Differential gene expression analysis
NGS reads were assessed for quality control metrics after adapter trimming with Trim Galore (Krueger, F., 2019). We then used Kallisto (Bray, N. L. et al., 2016) to quantify transcript abundance by pseudo-alignment on the latest release of the Apis melliferagenome assembly Amel_HAv3.1 (Wallberg, A. et al., 2019), compiled the transcript abundance estimates for each sample into an expression matrix in R (R Core Team, 2019), and summed transcripts by gene using the tximport method, see Table S2 (Soneson, C. et al., 2015). Low count genes (< 1 count across > 25% of samples) were removed from the analysis, resulting in 92.38% (9178/9935) of theA. mellifera protein-coding genes (Wallberg, A. et al., 2019) represented in this study.
We employed a two-factor design using DESeq2 (Love, M. I. et al., 2014) to assess differential expression of protein-coding genes (DEGs) within tissue types between nurse, forager, and winter bees, using colony as a cofactor. In each analysis, we applied the default Benjamini-Hochberg (Benjamini, Y. & Hochberg, Y., 1995) correction and set the threshold for differential expression at padj < 0.01.
To assess sample relationships and variance, hierarchical clustering analysis was conducted using the variance stabilized transformed (VST) counts generated by DESeq2. We determined that two of the nurse fat body samples (N1 and N3) were outliers from this analysis, as each created separate branches independent of the other samples that clustered as expected by phenotype (Figure S1). We identified 411 genes that were differentially expressed between the clustered and outlier nurse samples (padj < 0.05) but did not observe functional enrichment for any biological processes among these genes. FastQC did not report major differences in any of the default sequence quality metrics apart from reads corresponding to highly overrepresented sequences. A local BLASTN (McGinnis, S. & Madden, T. L., 2004) search of the overrepresented sequences revealed many hits with 100% identity and 100% query cover for A. mellifera 16S ribosomal RNAs, a common source of contamination during library preparation (Zhao, W. et al., 2014). However, upon filtering our sequencing reads for honey bee rRNAs (The RNAcentral Consortium, 2018), sample clustering did not improve (Figure S2). Thus, we could not determine the true source of this discrepancy, and so removed these samples from all downstream analyses.

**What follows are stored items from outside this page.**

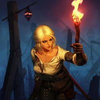 eerie environment, possibly a battlefield or a desolate area. Ciri is holding two torches, which could suggest she's searching for something or preparing for combat. She is wearing armor with visible straps and buckles, indicating it's battle-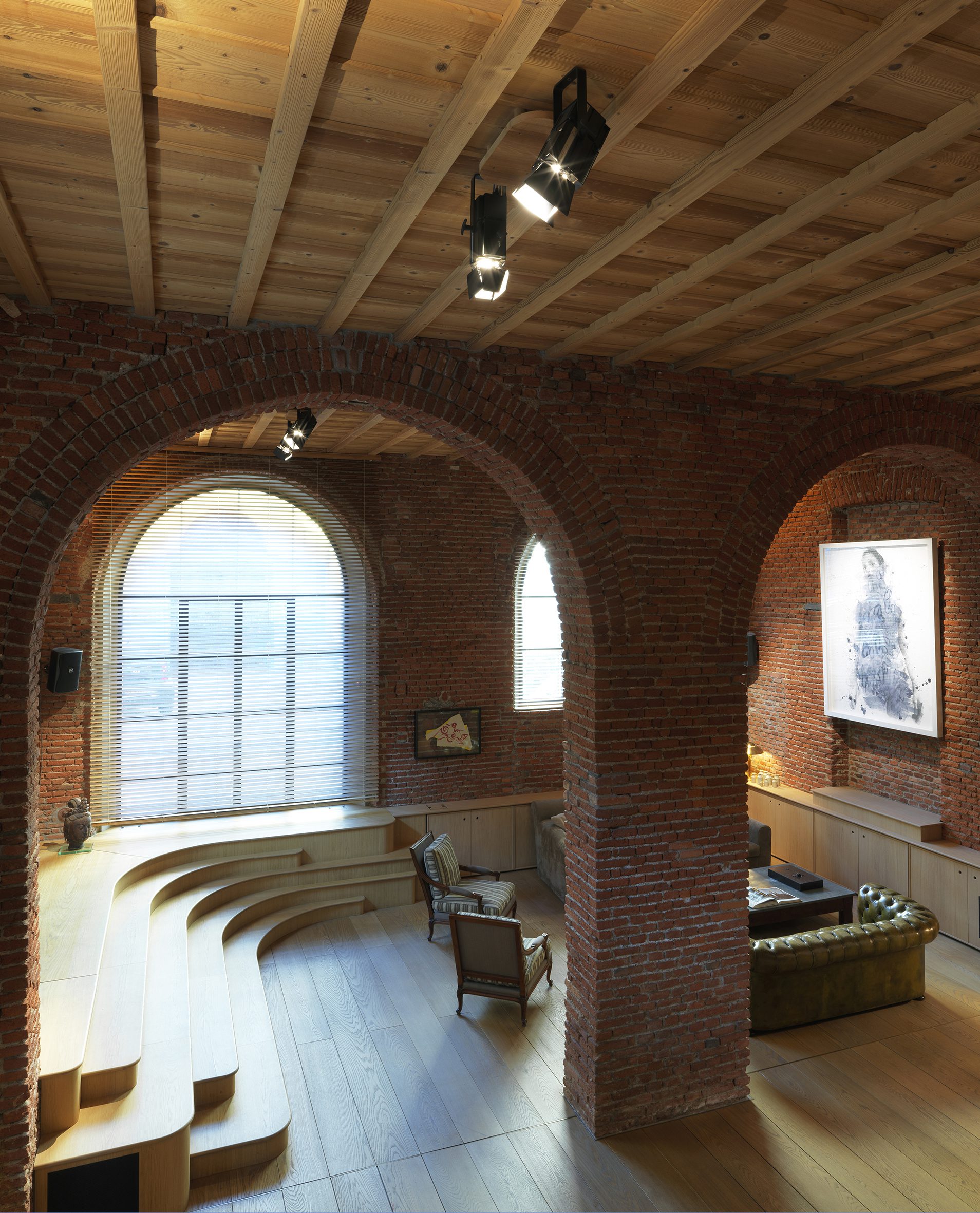 The original brick arches articulate the ambient, across a series of diagonal visual perspectives that allow simultaneously full view across the space by maintaining privacy where necessary.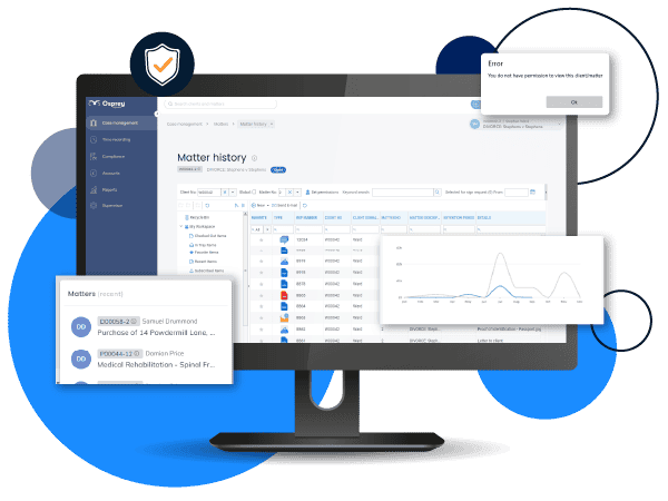 Legal matter management software is used by law firms to help organise and effectively manage their matters and clients. This includes everything from form and document production to time recording, billing, client management, and reporting. Matter management software centralises and connects all your data, documents and files into one centralised platform to help with compliance, improving efficiencies, and delivering quality client service.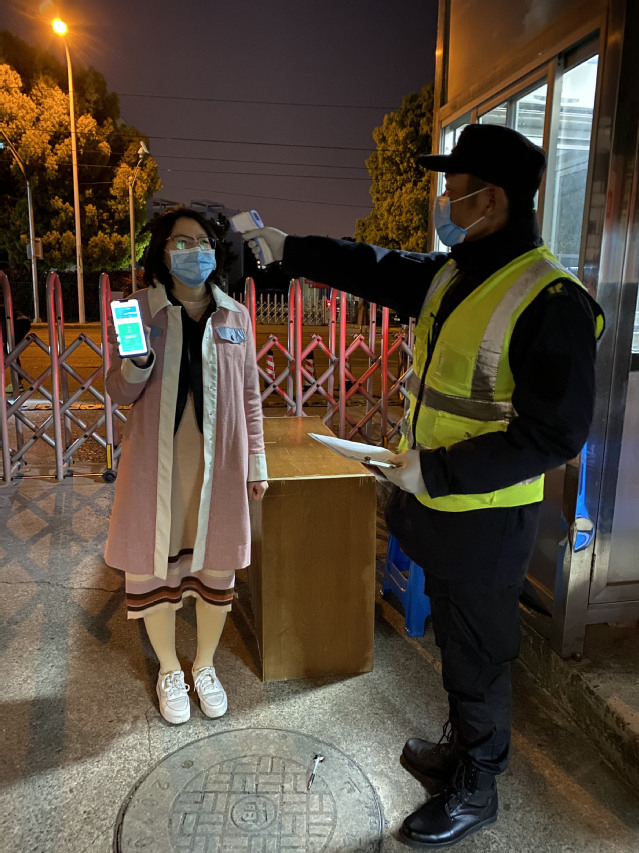 疫情防控期间,校园实施封闭式管理。学校出入口门岗安保对进校人员逐一核查电子通行证、测量体温登记,24小时坚守岗位,毫不懈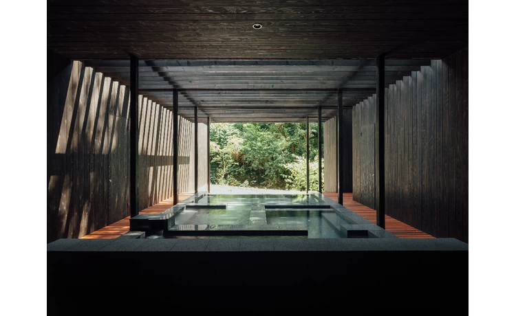 湯河原の緑豊かな自然の中にあるリトリート施設。モダンな造りの館内では、ダイニングで季節の料理を楽しんだり、源泉かけ流しの露天風呂に入ったり、蔵書1,000冊の中からセレクトした図書をコーヒー片手に読んだりと、ゆっくりと過ごすことができる。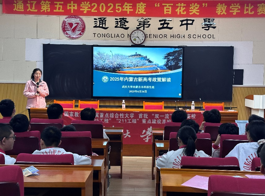 根据学校安排,由海角社区 党委负责武汉大学在内蒙古自治区的本科招生宣传工作。2025年4月24日至27日,武汉大学内蒙古招生组(以下简称“招生组”)赴内蒙古自治区呼和浩特市、包头市、鄂尔多斯市、赤峰市、乌海市、通辽市等地12所重点高中常态化开展招生宣传工作。招生组积极拓宽宣传渠道,通过科普报告、招生宣讲等形式全面介绍武汉大学办学特色,解读高考招生政策,推动深化“大中教育衔接”,积极挖掘潜在优质生源。遥感信息工程学院院长张永军教授、泰康医学院(基础医学院)教授武军驻、城市设计学院副教授张翰卿、海角社区 副教授侯伟丽、电子信息学院郭永军,以及海角社区 研究生工作办公室相关同志参加活动。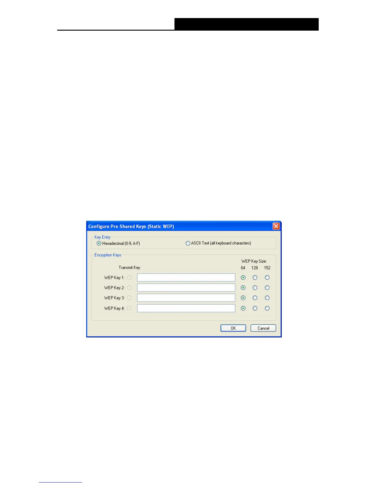 ¾ Pre-Shared Key (Static WEP): Enables the use of shared keys that are defined on both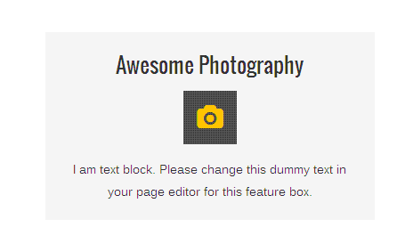 [vc_row][vc_column][zozo_vc_feature_box box_style="overlay-box" text_align="left" type="fontawesome" icon_fontawesome="fa fa-camera" icon_size="small" icon_hover_style="icon-hv-bg-icon" title="Awesome Photography" title_type="h5"]I am text block. Please change this dummy text in your page editor for this feature box.[/zozo_vc_feature_box][/vc_column][/vc_row]
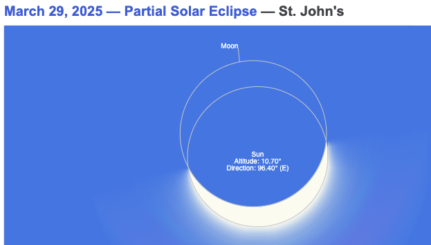 This Saturday morning, March 29, 2025, a partial solar eclipse will be visible across Newfoundland and Labrador. This celestial event occurs when the Moon partially covers the Sun, creating a dramatic crescent shape in the sky. With 85–86% of the Sun obscured at peak coverage, this will be one of the most significant eclipses visible in our region for years.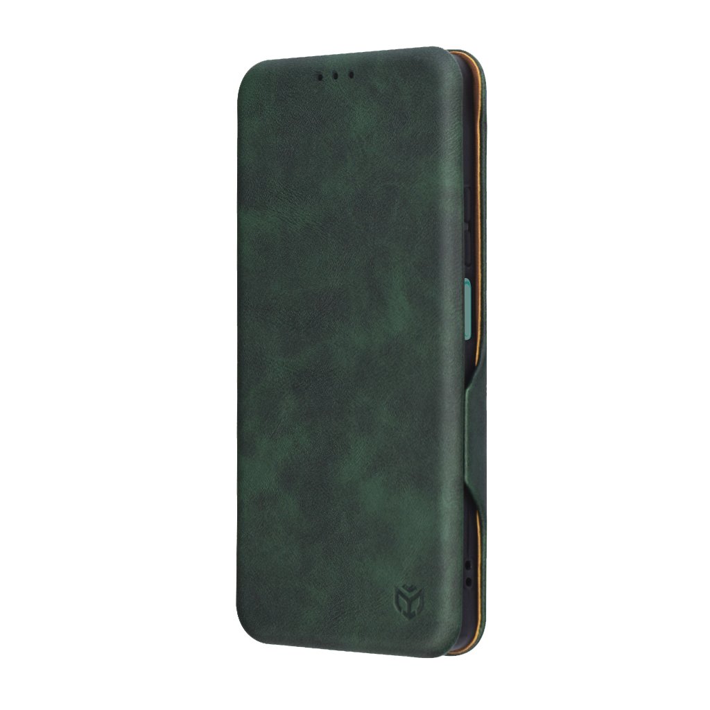 Puzdro sa pýši sofistikovaným dizajnom s povrchom imitujúcim brúsenú kožu v sýtom tmavozelenom odtieni, ktorý dodáva vášmu telefónu punc luxusu a originality. Vnútorná strana puzdra je vyhotovená v kontrastnej hnedej farbe, čo podčiarkuje jeho elegantný vzhľad. Ide o typ "flip" puzdra, ktoré poskytuje komplexnú ochranu celého zariadenia. Na prednej strane je decentne vyrazené logo značky Techsuit.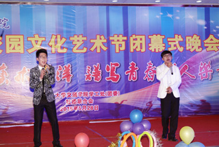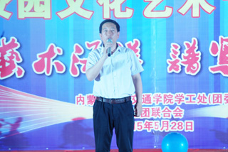 高飛副處長(zhǎng)致辭。他感謝為本次文化藝術(shù)節(jié)辛勤工作的老師和同學(xué)們。他說(shuō)文化藝術(shù)節(jié)是我們學(xué)院的非常重要的校園文化活動(dòng)之一,這次文化藝術(shù)節(jié)以系部為主體,突出了專(zhuān)業(yè)特色和專(zhuān)業(yè)優(yōu)勢(shì)。也吸引了南校區(qū)很多學(xué)院和同學(xué)的加入,這使得交通學(xué)院的校園文化在南校區(qū)起到了引領(lǐng)和帶動(dòng)的作用。他希望今后更多的同學(xué)加入其中,展現(xiàn)自己的特點(diǎn),挖掘自己的潛能,證明自己的能力。

\(\chi^{2}\) tests and k-means clustering
We performed chi-squared tests (with Yate’s continuity correction) to determine, for each tissue, whether the number of DEGs between winter bees and nurses is significantly different than the number of DEGs between winter bees and foragers. Additionally, we performedk -means clustering (Oyelade, J. et al., 2016) to assess whether the tissue-specific transcriptomes of winter bees had more in common with foragers or nurses using the fviz_cluster function from the factoextra (Kassambara, A., 2019) package in R, testing for \(k=2\)clusters. Separate tests were performed using: 1) all genes passing our initial low-count filter (9178), and 2) only forager vs nurse DEGs.